Let us call the edge-disjoint union of k spanning trees a k-tree. Let G=(V,E) be a graph that is a kl-tree, and let $S_1,\dots,S_t$ be edge-disjoint star subgraphs of G, each of size at most l.

We want to decompose G into l disjoint k-trees $T_1,\dots,T_k$, such that $|T_i \cap S_j| \leq 1$ for every i and j. When is this possible?

### Re: Colourful k-trees -- Tamás Király 15:56, 5 February 2010 (UTC)

I thought about this and it is not always possible even for k=1 and l=2. Let $V=\{v_1,v_2,v_3,v_4\}$, and let G be the complete graph on V. We extend the node set by 3 new nodes: $w_1,w_2,w_3$, and add edges $v_1w_1,v_2w_2,v_3w_3$, and $v_4w_1,v_4w_2,v_4w_3$. Let $G'=(V',E')$ be the new graph; we prove that the answer is negative for $G'$. The stars that we consider are the following: $(v_4v_1,v_4w_3),(v_4v_2,v_4w_1),(v_4v_3,v_4w_2)$, and $(v_1v_3,v_1w_1),(v_2v_1,v_2w_2),(v_3v_2,v_3w_3)$. Because the nodes $w_i$ have degree 2, the structure of the stars implies that any two independent edges of G must be in different trees. But two trees with that property do not exist.

## When double arcs form a rooted connected subdigraph -- Tamás Király 18:38, 7 February 2010 (UTC)

Here is a special case that can be proved easily. Let k=2, l=2, and let us call an arc with capacity 2 a double arc; other arcs are called simple arcs. We consider the case when the subdigraph formed by double arcs is rooted connected, so it contains a spanning arborescence B. In this case the conjecture is true, and the sketch of the proof is the following.

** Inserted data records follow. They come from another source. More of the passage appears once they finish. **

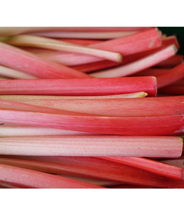 Mit dem Rhabarber ‚Livingstone‘ holen Sie sich eine ganz besondere Sorte in den Garten. Denn dieser Rhabarber lässt sich im Sommer und im Herbst abernten. Im Gegensatz zu den anderen Sorten zieht er sich nicht ins Rhizom zurück, sondern verbleibt über der Erde. Normal soll Rhabarber bis zum Johannitag, den 24. Juni, abgeerntet sein, allerdings nicht so die Sorte ‚Livingstone. Bei ihr haben Sie keinen Stress alles auf einmal zu ernten, bevor der Oxalsäuregehalt zu hoch wird. Sie können entspannt Monate hinweg ernten. Im Herbst haben Sie sogar höhere Erträge als im Sommer. Doch ‚Livingstone‘ hat auch eine Gemeinsamkeit mit den anderen Sorten, nämlich den Geschmack. Er hat das typische Rhabarber-Aroma, schmeckt nur etwas milder als die frühen Sorten. Die Stiele sind lang, mitteldick, fadenlos und rosarot. Im Inneren sind sie grün mit einem leichten Hauch rosa. Roh mit etwas Zucker oder gekocht verarbeitet wird der Rhabarber zum Genuss. Er eignet sich zum Beispiel als Kuchenbelag oder für Marmeladen.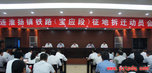 為加快連淮揚(yáng)鎮(zhèn)鐵路(寶應(yīng)段)建設(shè)步伐,保障項(xiàng)目順利實(shí)施,9月30日,江蘇寶應(yīng)縣委、縣政府專題召開(kāi)連淮揚(yáng)鎮(zhèn)鐵路(寶應(yīng)段)征地拆遷動(dòng)員會(huì)??h委副書記、代縣長(zhǎng)王逍霄在會(huì)議上要求,要圍繞“高”、“嚴(yán)”、“快”三個(gè)字,做好征地拆遷工作。縣委常委、常務(wù)副縣長(zhǎng)張偉主持會(huì)議,副縣長(zhǎng)閆偉參加,市鐵辦主任尹建平、中鐵十九局集團(tuán)連淮揚(yáng)鎮(zhèn)鐵路項(xiàng)目指揮長(zhǎng)劉宏圖應(yīng)邀出席會(huì)議。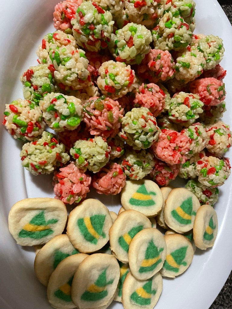 The top of this photo is Christmas Rice Crispy Balls. They turned out super yummy, and honestly, I find the homemade ones better as they don’t have as much sugar in them.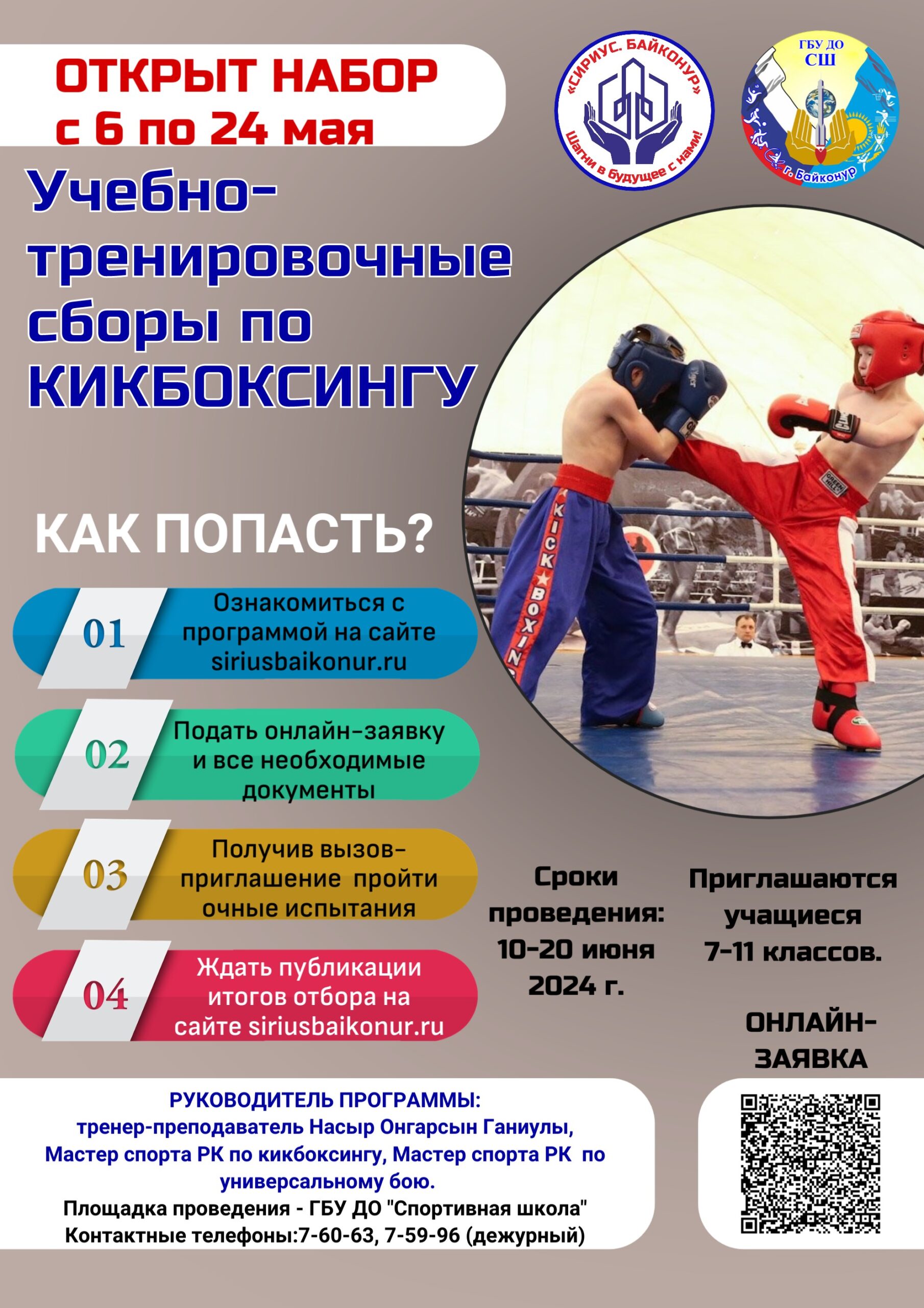 Критерии отбора: Для участия в Программе приглашаются обучающиеся 7–10 классов (по состоянию на 2023/2024 учебный год) общеобразовательных организаций г. Байконур демонстрирующие результаты по направлению «Кикбоксинг» и прошедшие отбор в соответствии с Положением о проведении учебно-тренировочных сборов.

• Let us call a set $X \subseteq V-r_0$ tight if $\varrho_c(X)=4$. We can assume that $\{v\}$ is tight for every $v \in V-r_0$, otherwise c could be decreased. In addition, we may assume that the only other possible tight set is $V-r_0$. To see this, consider another tight set X. We can define two smaller problems, by contracting X and V-X respectively. By induction, these smaller instances have solutions, and it is easy to see that these two solutions can be glued together (we use here that X is entered by a double arc).
• We can assume that B contains all double arcs, because we can replace other double arcs by 2 parallel arcs. Since each node has in-capacity 4, one entering double arc guarantees that the other 2 arcs are in different 2-arborescences.
• We can simplify the structure of simple arcs. Consider B as a rooted tree. We will give 3 types of modifications. At each type, we change the tail of one arc, which cannot create a deficient set because there are no non-trivial sight sets. Moreover, it can be seen that a good decomposition of the resulting graph into 2 2-arborescences can be easily transformed into a good decomposition of the original digraph. The 3 modifications are:
• Let uv be a simple arc where u is not a descendant of v (in the rooted tree defined by B), and not the root. Let w be the parent of v. Replace uv by wv.
• Let uv be a simple arc where u is a descendant of v. Let w be the child of v whose descendant is u. Replace uv by wv.
• Let $r_0v$ be a simple arc, and suppose that $V-r_0$ is not tight. Let w be the parent of v. Replace $r_0v$ by wv.
• After these modifications, simple arcs can only go between parent and child, except for 2 arcs form the root if $V-r_0$ is tight. For such instances, it is easy to see that the conjecture is true, by induction on the size of the digraph.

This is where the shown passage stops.